Risk Update

Conflicts News — Facebook (New Name TBD) Conflict Fight, Activision Accusation De-Activated

Denied lead in Facebook derivative suit, Block & Leviton cries conflict, seeks appeal” —

  • “The shareholder firm Block & Leviton is refusing to walk away quietly from a high-profile derivative suit against Facebook Inc board members. The firm has asked a Delaware Chancery Court judge for permission to appeal his Oct. 5 order appointing three other plaintiffs firm to lead the breach-of-duty case, which accuses Facebook directors of protecting CEO Mark Zuckerberg at the company’s expense in a $5 billion settlement with the U.S. Federal Trade Commission in 2019.”
  • “Block & Leviton contends that rival shareholder lawyers from Scott + Scott, Kaplan Fox & Kilsheimer and Prickett, Jones & Elliott cannot represent Facebook’s interests in the derivative suit because Scott + Scott is also representing plaintiffs in two antitrust cases seeking big-money damages from the company.”
  • “Block & Leviton’s request to bring an appeal at the Delaware Supreme Court argues that no Delaware court has previously allowed a shareholder firm to pursue derivative claims on behalf of a corporation while simultaneously representing different clients asserting direct claims against the company. ‘This is an exceptional matter,’ the filing said. ‘The Court of Chancery affirming that lawyers can act as fiduciaries for a Delaware corporation in derivative litigation while simultaneously representing other clients in other actions … is a statement that will have dramatic implications for the way that the stockholder-plaintiff bar operates.'”
  • “The judge gave considerable attention to the conflicts issue, acknowledging that other Delaware courts – most notably in transcript orders from then-vice chancellor Leo Strine in 2012’s In re Duke Energy and then-vice chancellor Tamika Montgomery-Reeves in 2018’s In re Towers Watson & Co. – have expressed reservations about shareholder firms suing derivatively on behalf of a corporation while also suing the corporation directly.”
  • “But Slights cited two other Delaware Chancery Court decisions – former vice chancellor John Noble’s ruling in 2014’s In re Ebix Inc and his own 2018 opinion in In re Tesla Motors Inc – holding that a lead shareholder can pursue simultaneous derivative and direct claims against board members.”

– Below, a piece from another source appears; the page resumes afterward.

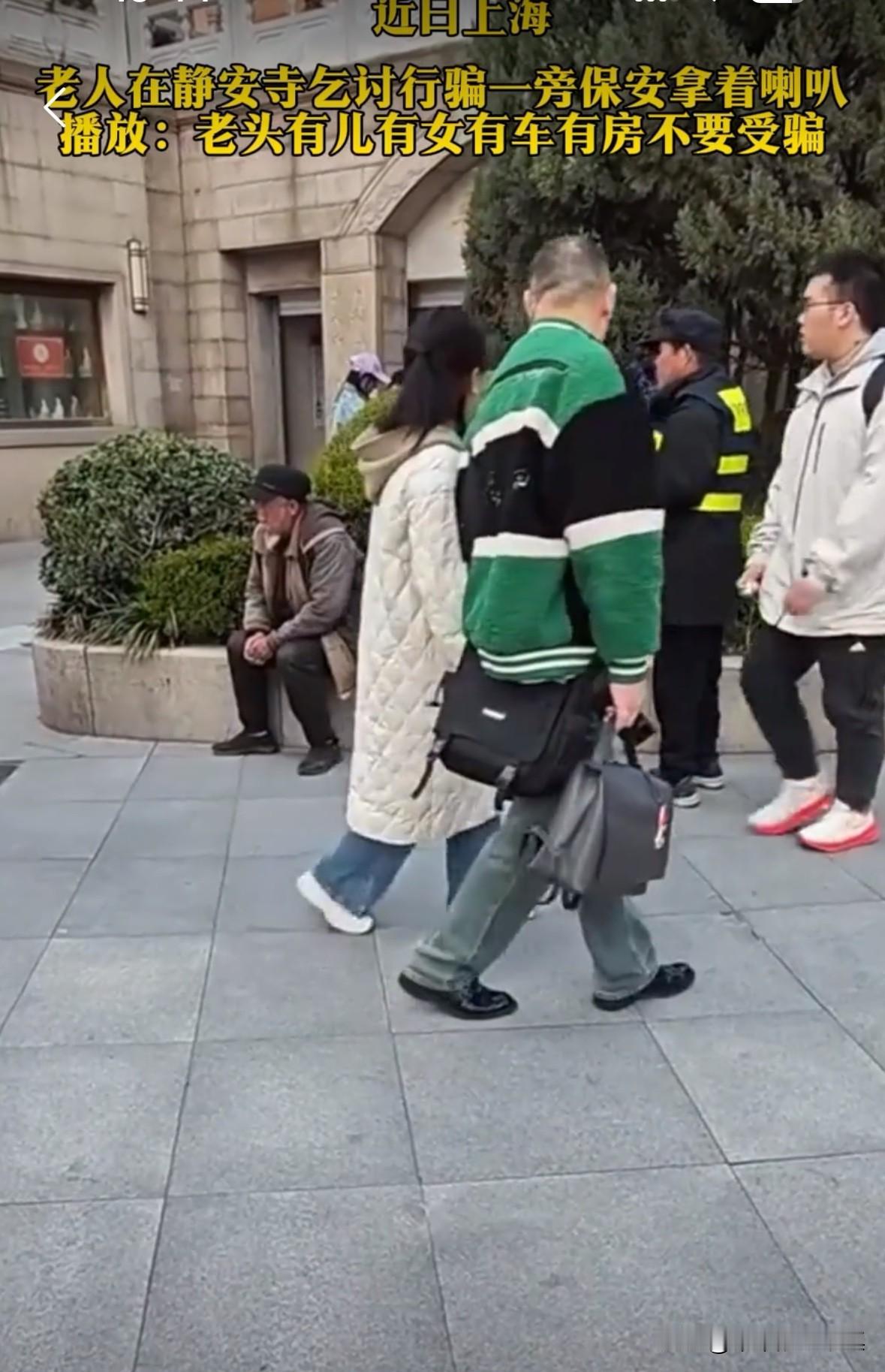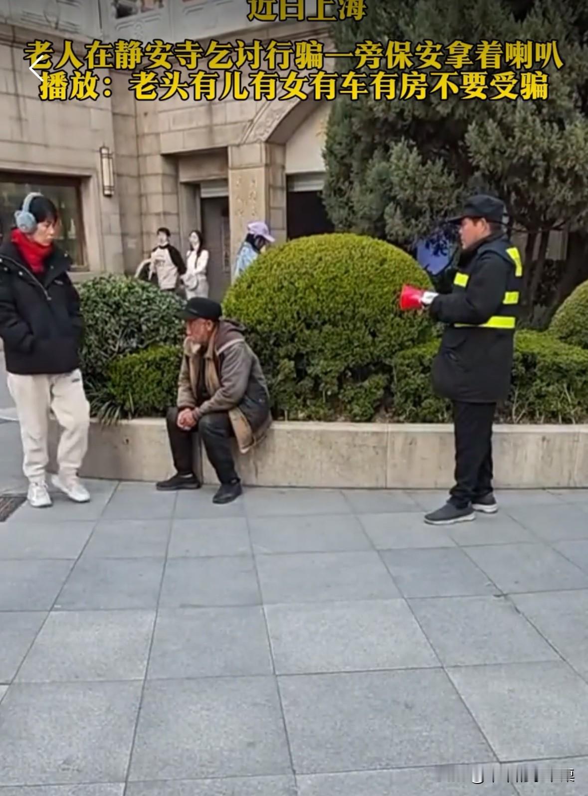老人在寺庙里乞讨行骗,寺庙里的保安看不下去了。 于是拿着喇叭循环播放:“老人有儿有女有车有房,请大家不要上当受骗,他是骗子!” 这种老人最可恨,利用大家的同情心,就想不劳而获。 有儿有女有房有车不在家安心养老,还出来行骗,是不是尝到的好处太多了。 其实现在乞讨,已经成为了一种职业,有的乞讨者一个月要的钱比工资阶层的人一个月挣的钱还多,而且个个有车有房有存款。 他们的日子比我们好过多了。 保安做的对,支持。流浪乞讨人

Activision Loses Bid to Halt Bias Suit Over Ethics Claims” —

  • “Activision Blizzard Inc. failed to convince a California court on Friday to temporarily halt an ongoing sexual harassment and discrimination case filed by the state’s Department of Fair Employment and Housing.”
  • “Activision asked the court on Oct. 19 to pause the case to give it time to investigate ethics allegations against the agency, and to potentially bring a motion to disqualify certain attorneys.”
  • “The state agency said its lawsuit followed a two-year investigation which found company leadership consistently failed to take steps to prevent discrimination in terms compensation, promotion, and termination, among other areas. It later accused Activision of suppressing and destroying evidence, which the game maker vehemently denied.”
  • “The company’s request to halt the case stemmed from a parallel federal lawsuit against Activision involving the U.S. Equal Employment Opportunity Commission. That federal agency reached a proposed $18 million settlement with Activision in September to resolve discrimination and retaliation claims, but DFEH objected, arguing the deal includes a procedure to release Activision from state claims that the EEOC lacks standing to prosecute.”
  • “The EEOC asked the federal court to block DFEH’s bid to intervene in the case, claiming its investigation of Activision was directed by two lawyers who later joined DFEH and hold leadership roles in the state agency. ‘After being informed of this conflict, DFEH retained new counsel but appears to have filed the present intervention motion just hours after this counsel was retained, strongly suggesting that the motion is a product of the prohibited representation,’ the EEOC said in a brief.”